### [AVAILABLE DATA]
/---
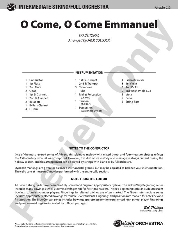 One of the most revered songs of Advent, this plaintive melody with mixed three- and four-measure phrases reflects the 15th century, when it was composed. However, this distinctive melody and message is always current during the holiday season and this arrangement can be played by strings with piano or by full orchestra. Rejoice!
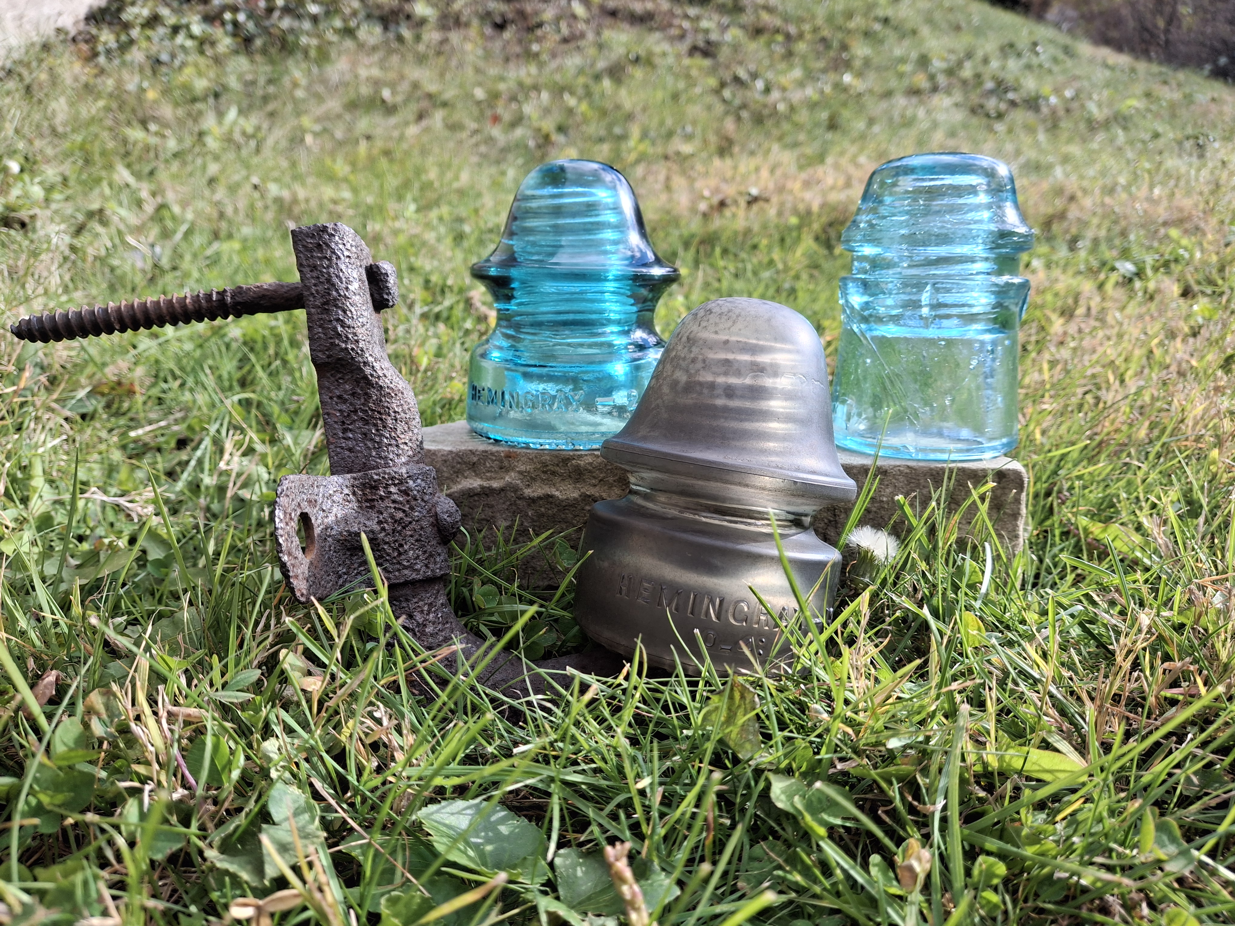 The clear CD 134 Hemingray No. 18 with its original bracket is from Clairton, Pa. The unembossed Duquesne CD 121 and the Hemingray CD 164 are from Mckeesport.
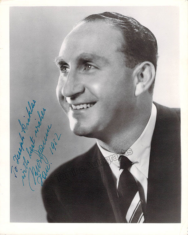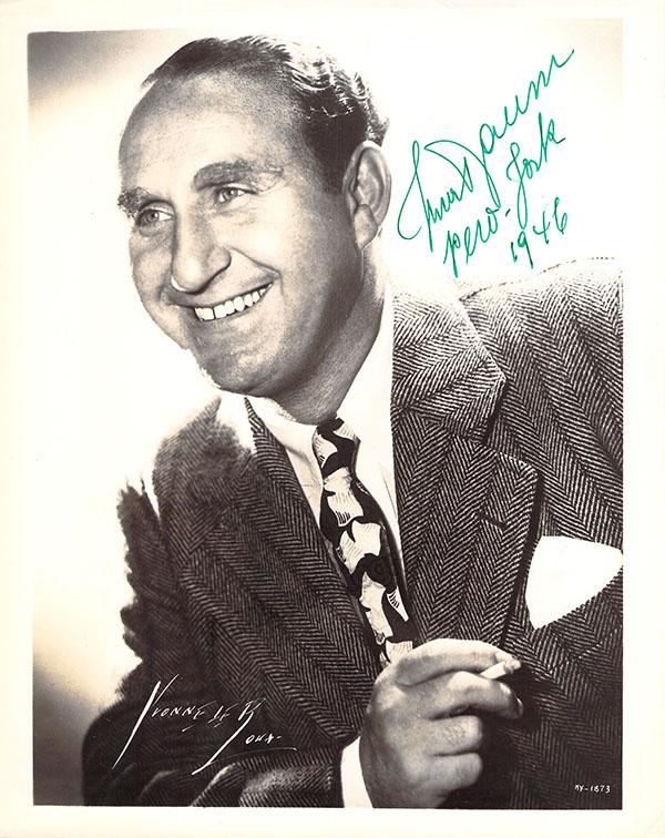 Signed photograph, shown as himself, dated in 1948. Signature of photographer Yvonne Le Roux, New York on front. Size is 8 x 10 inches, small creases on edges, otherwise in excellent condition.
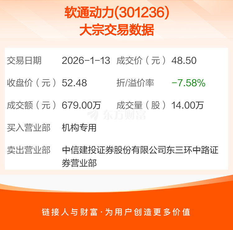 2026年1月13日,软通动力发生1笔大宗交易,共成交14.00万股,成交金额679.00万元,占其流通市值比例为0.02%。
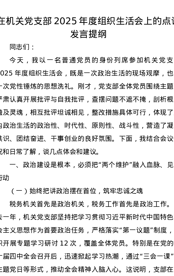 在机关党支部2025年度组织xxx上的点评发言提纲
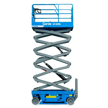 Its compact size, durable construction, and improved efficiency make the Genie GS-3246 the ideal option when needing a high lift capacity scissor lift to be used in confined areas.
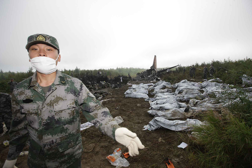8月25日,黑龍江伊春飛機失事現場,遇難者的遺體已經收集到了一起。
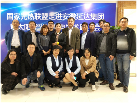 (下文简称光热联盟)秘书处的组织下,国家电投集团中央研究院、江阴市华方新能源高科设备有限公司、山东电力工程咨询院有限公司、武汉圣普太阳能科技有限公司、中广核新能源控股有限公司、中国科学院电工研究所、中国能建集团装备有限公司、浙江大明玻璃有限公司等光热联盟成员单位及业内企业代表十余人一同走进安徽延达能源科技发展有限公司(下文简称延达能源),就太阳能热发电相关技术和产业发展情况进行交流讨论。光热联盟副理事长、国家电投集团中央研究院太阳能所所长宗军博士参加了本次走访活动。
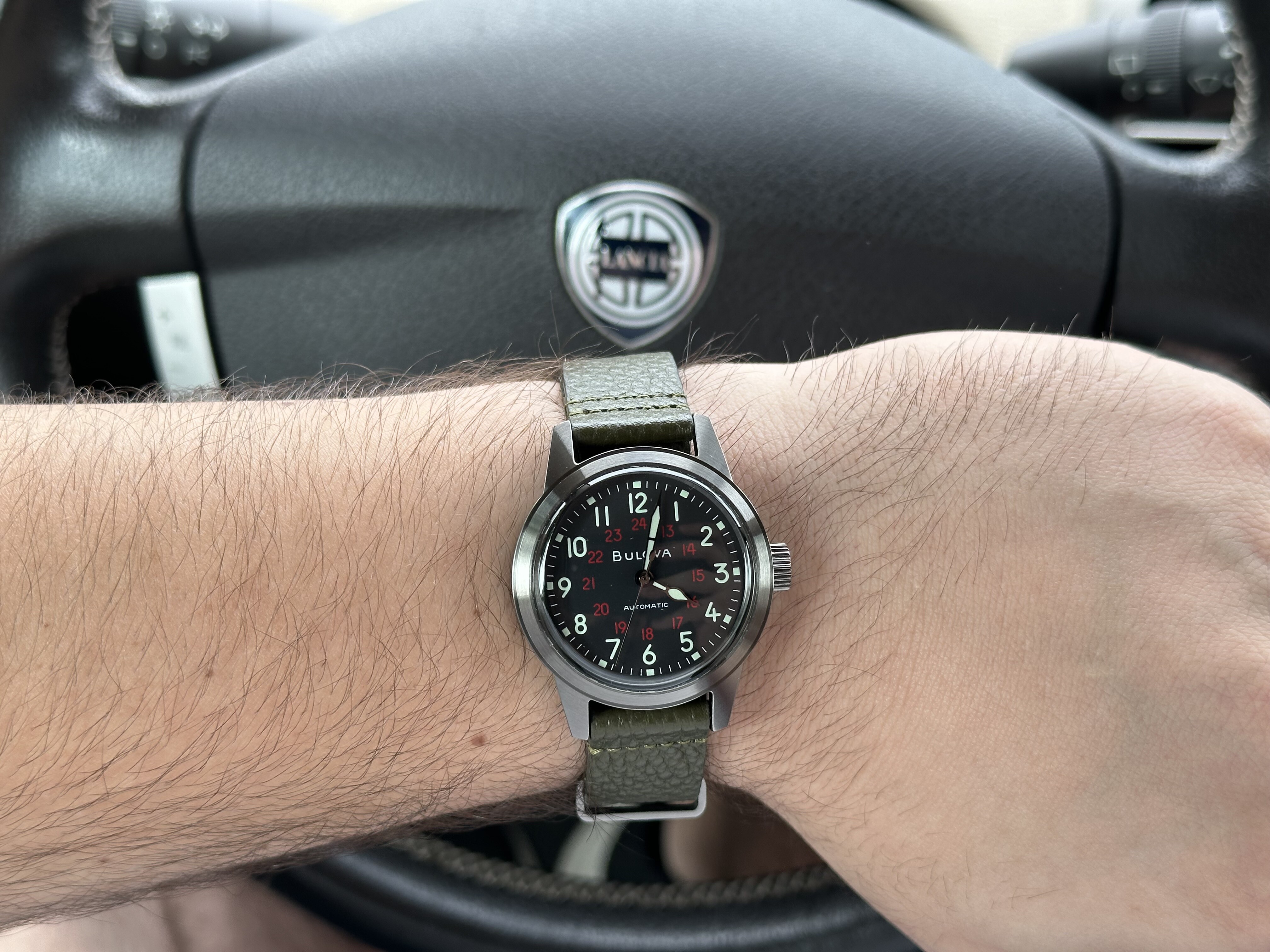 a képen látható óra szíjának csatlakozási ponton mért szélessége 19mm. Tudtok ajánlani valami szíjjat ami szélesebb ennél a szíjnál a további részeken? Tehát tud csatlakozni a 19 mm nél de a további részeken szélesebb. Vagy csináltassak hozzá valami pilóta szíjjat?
\---
/---
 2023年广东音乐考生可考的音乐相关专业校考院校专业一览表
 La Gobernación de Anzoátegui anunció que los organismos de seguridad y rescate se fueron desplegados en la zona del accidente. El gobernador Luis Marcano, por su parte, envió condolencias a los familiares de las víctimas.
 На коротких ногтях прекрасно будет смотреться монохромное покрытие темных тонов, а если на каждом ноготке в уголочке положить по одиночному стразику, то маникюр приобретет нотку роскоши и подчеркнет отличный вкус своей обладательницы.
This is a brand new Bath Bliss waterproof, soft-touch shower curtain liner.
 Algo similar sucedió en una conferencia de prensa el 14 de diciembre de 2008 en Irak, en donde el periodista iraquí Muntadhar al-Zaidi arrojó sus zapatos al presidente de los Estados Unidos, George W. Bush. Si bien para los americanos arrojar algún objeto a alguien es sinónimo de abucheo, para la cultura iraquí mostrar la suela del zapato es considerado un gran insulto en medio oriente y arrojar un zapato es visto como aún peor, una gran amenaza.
\---
/---
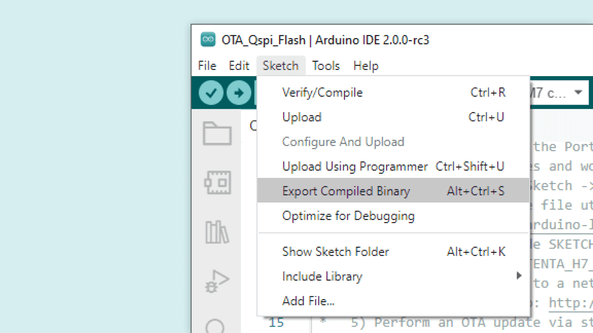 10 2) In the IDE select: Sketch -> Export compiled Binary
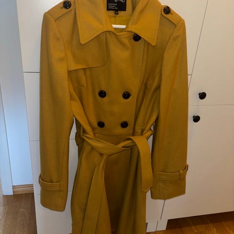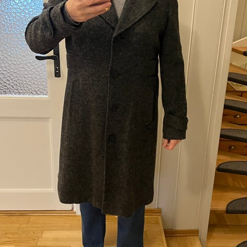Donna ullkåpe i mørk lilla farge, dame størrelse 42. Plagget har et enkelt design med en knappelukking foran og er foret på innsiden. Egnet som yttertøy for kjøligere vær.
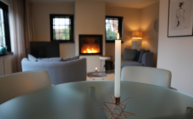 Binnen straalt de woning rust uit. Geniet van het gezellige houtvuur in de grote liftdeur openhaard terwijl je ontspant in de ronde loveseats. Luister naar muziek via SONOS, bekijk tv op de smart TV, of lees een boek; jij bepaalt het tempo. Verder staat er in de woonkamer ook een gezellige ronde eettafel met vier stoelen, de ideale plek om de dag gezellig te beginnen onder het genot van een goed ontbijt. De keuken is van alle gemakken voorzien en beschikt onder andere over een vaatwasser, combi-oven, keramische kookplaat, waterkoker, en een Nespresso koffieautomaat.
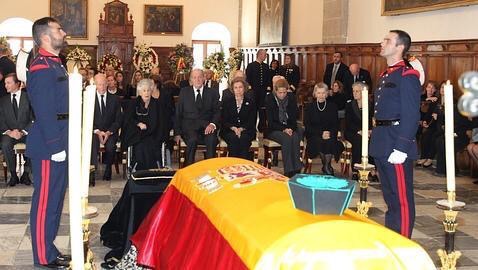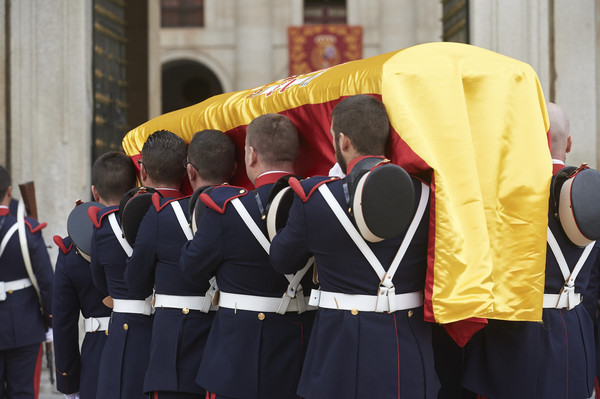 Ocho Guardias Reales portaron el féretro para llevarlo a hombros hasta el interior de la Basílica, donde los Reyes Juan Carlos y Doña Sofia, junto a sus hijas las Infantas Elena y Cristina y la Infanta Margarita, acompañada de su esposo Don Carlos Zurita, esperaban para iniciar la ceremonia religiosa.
\---
### [PROBLEM]
Would you please reproduce the entries above, starting at the line with "One of the most" and stopping after the line with "The clear CD"? Omit any pictures.

### [SOLUTION TO THIS EXERCISE]
 One of the most revered songs of Advent, this plaintive melody with mixed three- and four-measure phrases reflects the 15th century, when it was composed. However, this distinctive melody and message is always current during the holiday season and this arrangement can be played by strings with piano or by full orchestra. Rejoice!
 The clear CD 134 Hemingray No. 18 with its original bracket is from Clairton, Pa. The unembossed Duquesne CD 121 and the Hemingray CD 164 are from Mckeesport.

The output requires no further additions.